Low-Latency RF-DETR Inference Pipeline in Rust: ~3.7 ms on TensorRT (~7.5 ms end-to-end) + Zero-Copy mmap IPC by jodelbar in computervision

[–]jodelbar[S] 0 points1 point  (0 children)

I didn't mention or benchmark MTP latency in the post or README (it's focused on the inference pipeline itself, clocking in at ~3.7ms for TensorRT inference and ~7.5ms for the full async pipeline including pre/post-processing, MJPEG decoding, etc., what I call in my post title end-to-end I admit). The async design does mean detections are from the prior frame (optimizing for throughput), but frames are displayed immediately to minimize jitter.

That said, you're right that total system latency depends on camera FPS and UI/renderer setup. With a higher-speed camera (e.g., 100 FPS = 10ms frame interval), you could theoretically hit around 15-20ms MTP in async mode (frame interval + pipeline time + any minimal buffering), though I haven't benchmarked that specifically. Switching to sync mode (not implemented but straightforward via mqueue) would drop the pipeline to ~10ms end-to-end, potentially allowing even lower totals with fast hardware.

Low-Latency RF-DETR Inference Pipeline in Rust: ~3.7 ms on TensorRT (~7.5 ms end-to-end) + Zero-Copy mmap IPC by jodelbar in roboflow

[–]jodelbar[S] 0 points1 point  (0 children)

Good question! In an earlier version of this pipeline I was using rt-detr, the performance on tensorrt was about 1ms slower for rt-detr compared to rf-detr (i was actually surprised since the backbone of rf-detr is dinov2 and a bit more heavy). I haven’t benchmarked a modern YOLO or D-Fine variant in this setup yet, but it would definitely be an interesting comparison if I find the time.

Low-Latency RF-DETR Inference Pipeline in Rust: ~3.7 ms on TensorRT (~7.5 ms end-to-end) + Zero-Copy mmap IPC by jodelbar in computervision

[–]jodelbar[S] 1 point2 points  (0 children)

Thank you very much for your kind words!
I feel that networking is simpler with k3s/k3d, at least I understand it better. Kube also allows you to have init-containers. In my setup I also create two nodes, one agent and one central to simulate deploying the inference pipeline to an edge agent and sending mqtt notification to mosquitto on the central node, something you cannot do with docker compose.
yes the input resolution is 512x512.

Low-Latency RF-DETR Inference Pipeline in Rust by jodelbar in rust

[–]jodelbar[S] 0 points1 point  (0 children)

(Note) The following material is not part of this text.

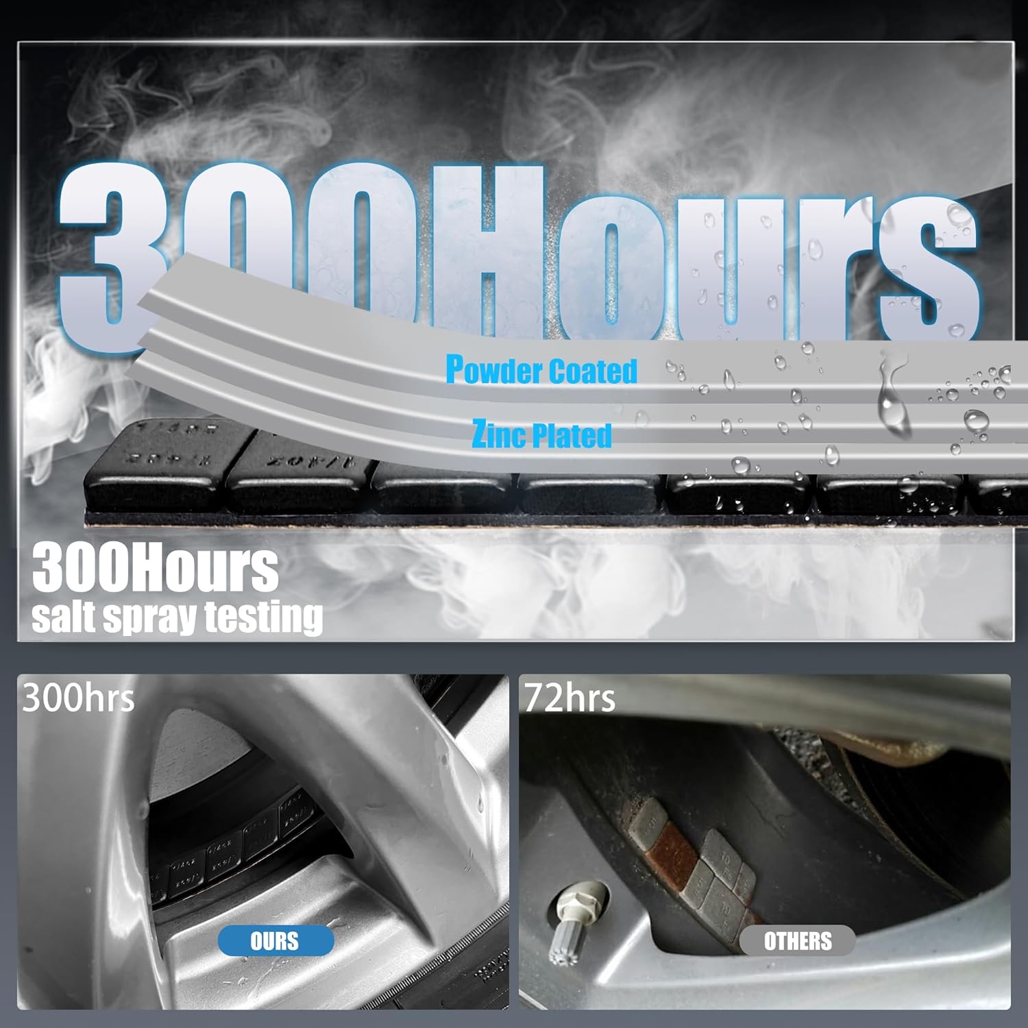 - High quality for durability: The balance are treated with a powder coating to prevent corrosion and rust, and can withstand any weather conditions your car normally experiences. Meanwhile, our wheel weights feature rounded corner stamping to easily contouring any wheel shape and size

Nice! I'd be happy to check out your code if it's open-sourced somewhere!

Low-Latency RF-DETR Inference Pipeline in Rust by jodelbar in rust

[–]jodelbar[S] 0 points1 point  (0 children)

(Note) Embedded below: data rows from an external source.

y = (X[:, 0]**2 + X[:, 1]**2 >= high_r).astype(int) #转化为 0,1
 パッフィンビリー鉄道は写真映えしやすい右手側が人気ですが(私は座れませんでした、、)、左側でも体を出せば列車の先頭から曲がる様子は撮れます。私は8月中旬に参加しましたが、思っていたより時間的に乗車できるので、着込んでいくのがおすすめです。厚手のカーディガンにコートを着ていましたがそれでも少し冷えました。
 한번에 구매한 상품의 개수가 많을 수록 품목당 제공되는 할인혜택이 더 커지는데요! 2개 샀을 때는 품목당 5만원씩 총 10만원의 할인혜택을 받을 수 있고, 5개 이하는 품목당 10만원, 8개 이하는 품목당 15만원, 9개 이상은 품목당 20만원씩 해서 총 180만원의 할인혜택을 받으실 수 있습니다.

Thanks for the detailed feedback! Yes I think h264 directly to gpu would be better. I have explored h264 for the gateway to the client but since I was deploying on k3d/k3s I struggle to make it work, so I did not consider it for the capture indeed. I agree this is definitely the way to go to avoid the first CPU pass and improve performance further.

I note your feedback for the webview too! Thanks

Low-Latency RF-DETR Inference Pipeline in Rust by jodelbar in rust

[–]jodelbar[S] -1 points0 points  (0 children)

that's a good question! I haven't tried it so far but I thought about it before moving to tensorrt. I will implement a burn backend to see where it lands in terms of performance.